In recent years, some other GCN-based methods have been proposed [33,34,35]. Zhou et al. [33] adopted a contrastive learning strategy to enhance the discriminative ability of skeleton representation through feature refinement modules, and dynamically calibrated the feature space using multi-level contrastive loss, effectively distinguishing similar actions (such as “writing” and “typing”). In addition, the BlockGCN proposed by Zhou et al. [34] optimizes the graph structure through a topological encoding scheme, maintains bone connectivity information through persistent homology analysis, and introduces an efficient BlockGC mechanism to improve recognition performance while reducing parameters by more than 40%. The lightweight multi-scale spatiotemporal graph convolutional network (LMSTGCN) proposed by Zheng et al. [35] captures the distance dependence between joints through multi-scale spatiotemporal graph convolution (LMSGCN), and enhances temporal feature expression by combining the extended convolution time modeling (LM TCN). At the same time, the spatiotemporal position attention (STLAtt) mechanism is introduced to focus on keyframes and joints, achieving efficient and accurate action recognition on multiple datasets.
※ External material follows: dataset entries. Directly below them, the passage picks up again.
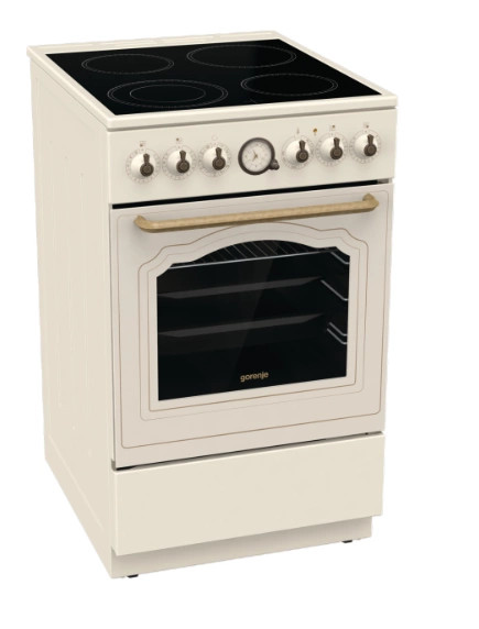 A klasszikus időzítő és az antikolt arany felületű fogantyú remekül kiegészítik a sütő megjelenését.
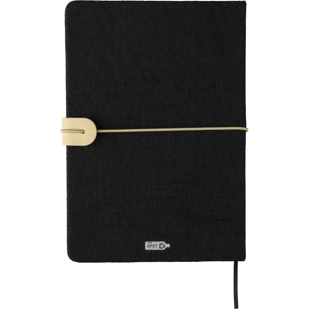 Entdecken Sie unser erstklassiges A5-Notizbuch, das nicht nur optisch glänzt, sondern auch als perfekter Imageträger für Ihre Marke fungiert. Mit 80 linierte Seiten aus hochwertigem 70 g/m² Papier, einem stilvollen PU-Ecover in attraktiven Farben und einem praktischen Verschlussband ist dieses Notizbuch der ideale Begleiter im Alltag Ihrer Kunden. Der integrierte Lesezeichenribbon ermöglicht eine schnelle Orientierung und schafft einen direkten Bezug zur Marke. Hergestellt aus umweltfreundlichem RPET und mit einem Recycling-Symbol versehen, unterstreicht es Ihr Engagement für Nachhaltigkeit.
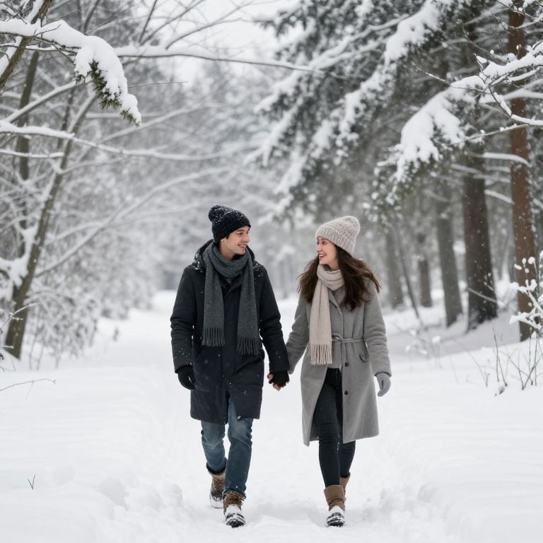 In the quiet embrace of a winter wonderland, two souls walk hand-in-hand, their laughter echoing softly amidst the snow-laden trees, symbolizing the warmth of love that transcends the chill of the season.
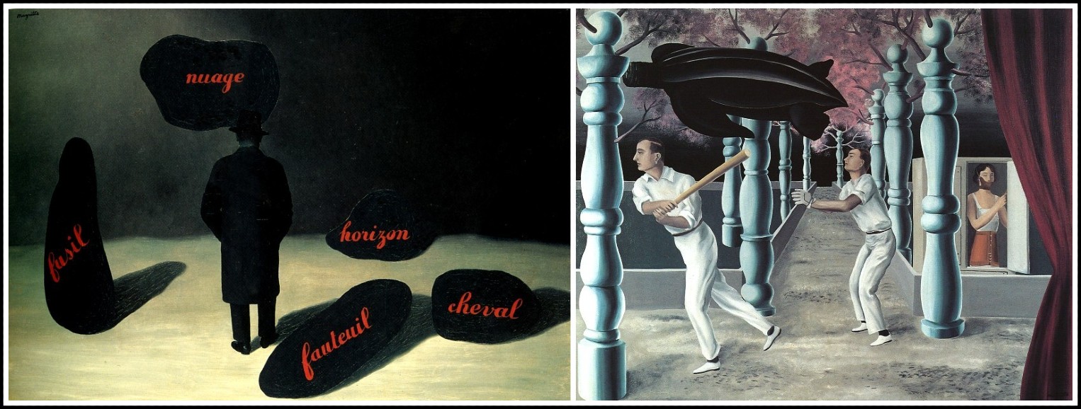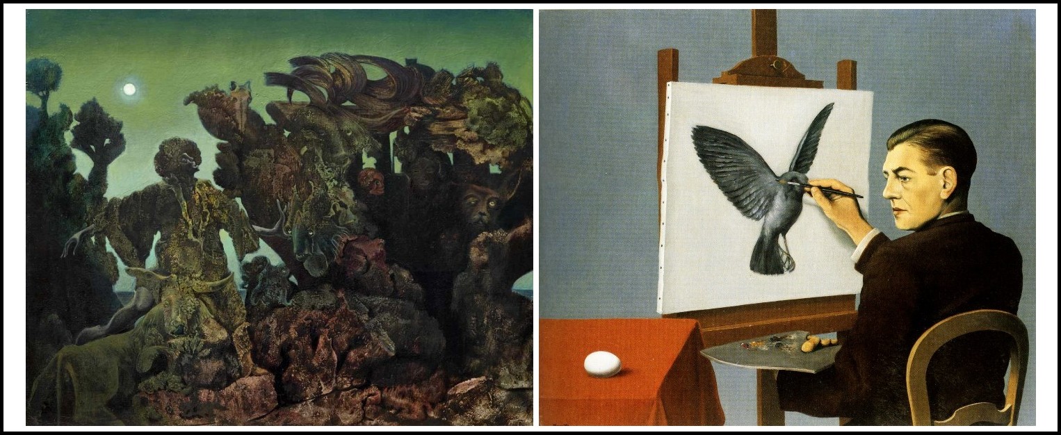 Max Ernst, Épiphanie, 1940 | Magritte, La clairvoyance, 1936
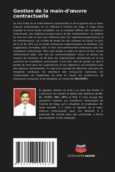 Ce livre traite de la main-d'oeuvre contractuelle et de la gestion de la main-d'oeuvre contractuelle, en se référant à l'aciérie de Vizag. Il s'agit d'une enquête et d'une étude complètes sur la situation difficile des travailleurs contractuels, des ingénieurs/superviseurs et des entrepreneurs. Le contenu du livre est utile en tant que référence pour les ingénieurs/superviseurs et les entrepreneurs, car il traite de toutes les lois relatives au travail, en plus de la loi de 1971 sur le travail contractuel (réglementation et abolition). Les suggestions formulées dans le livre sont extrêmement précieuses pour les travailleurs contractuels. Elles sont faciles à mettre en oeuvre et leur seront extrêmement utiles. Une fois les recommandations mises en oeuvre, les risques de situations de RI dans les organisations diminueront en ce qui concerne les travailleurs contractuels. Il est très utile de garder un livre à portée de main pour les superviseurs et les ingénieurs qui travaillent avec des agences contractuelles. Il s'agit d'un ouvrage de référence utile pour les dirigeants syndicaux, les directeurs des ressources humaines, les responsables de l'application du droit du travail, les professeurs de ressources humaines et les étudiants en recherche MBA/MHRM.
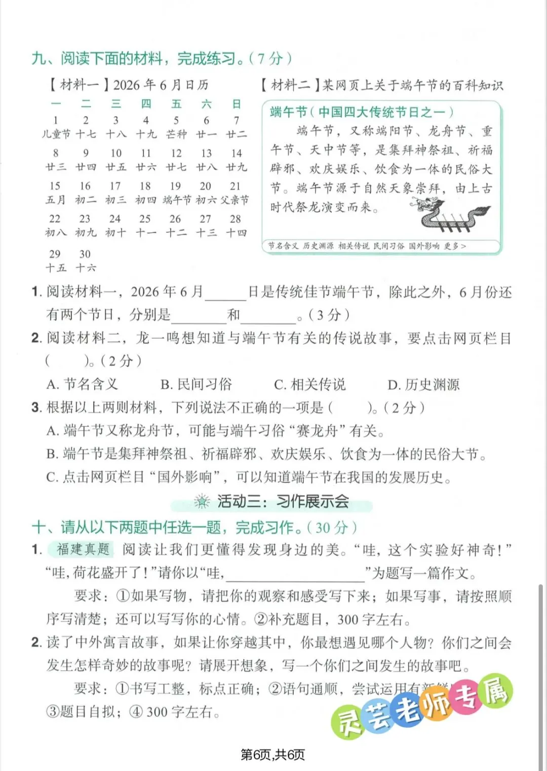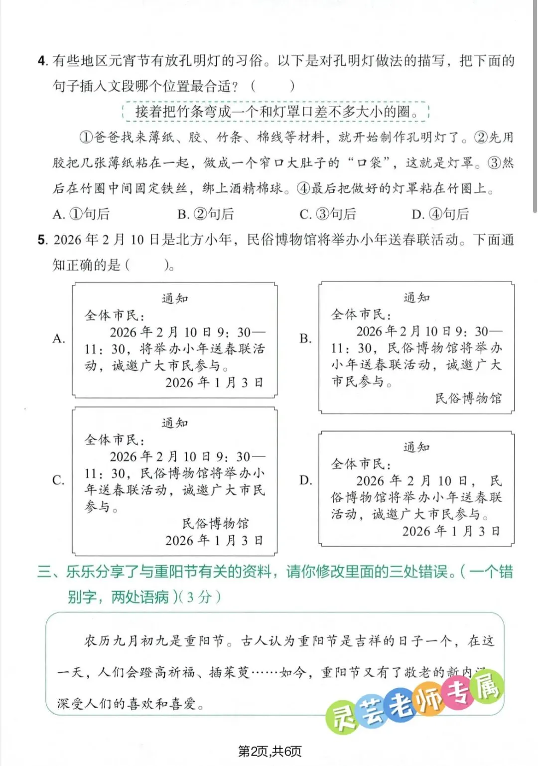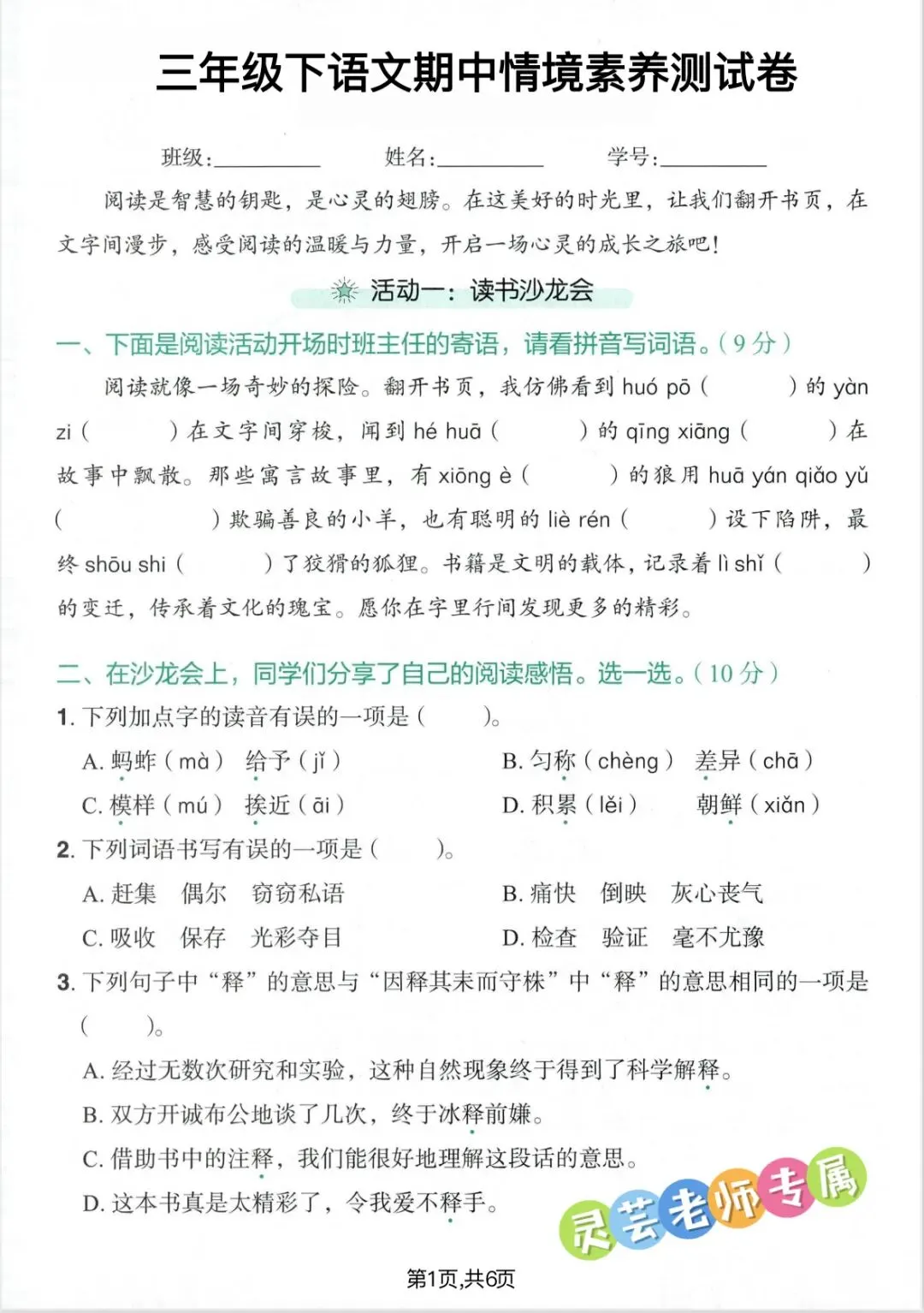 大家好!我是灵芸老师,今天分享的学习资料是:26春三年级语文下册期中情境素养测试卷(可打印),涵盖多音字、词语、句子、阅读理解等,文末有电子版获取方式。如果觉得这份资料不错,建议分享到班级群/年级群,让其他家长打印出来,帮助孩子学习。

While significant progress has been achieved in explicitly exploring semantic information in domains like machine translation [36] and image recognition [37], the same level of attention has not been given to semantic information in skeleton-based action recognition. Semantic details such as joint types and frame indices are often overlooked, despite their critical relevance to behavior recognition. Zhang et al. proposed a method to integrate advanced semantic information about joints into the network, thereby enhancing its feature representation capability and preserving essential information about the spatiotemporal structure of the body [38].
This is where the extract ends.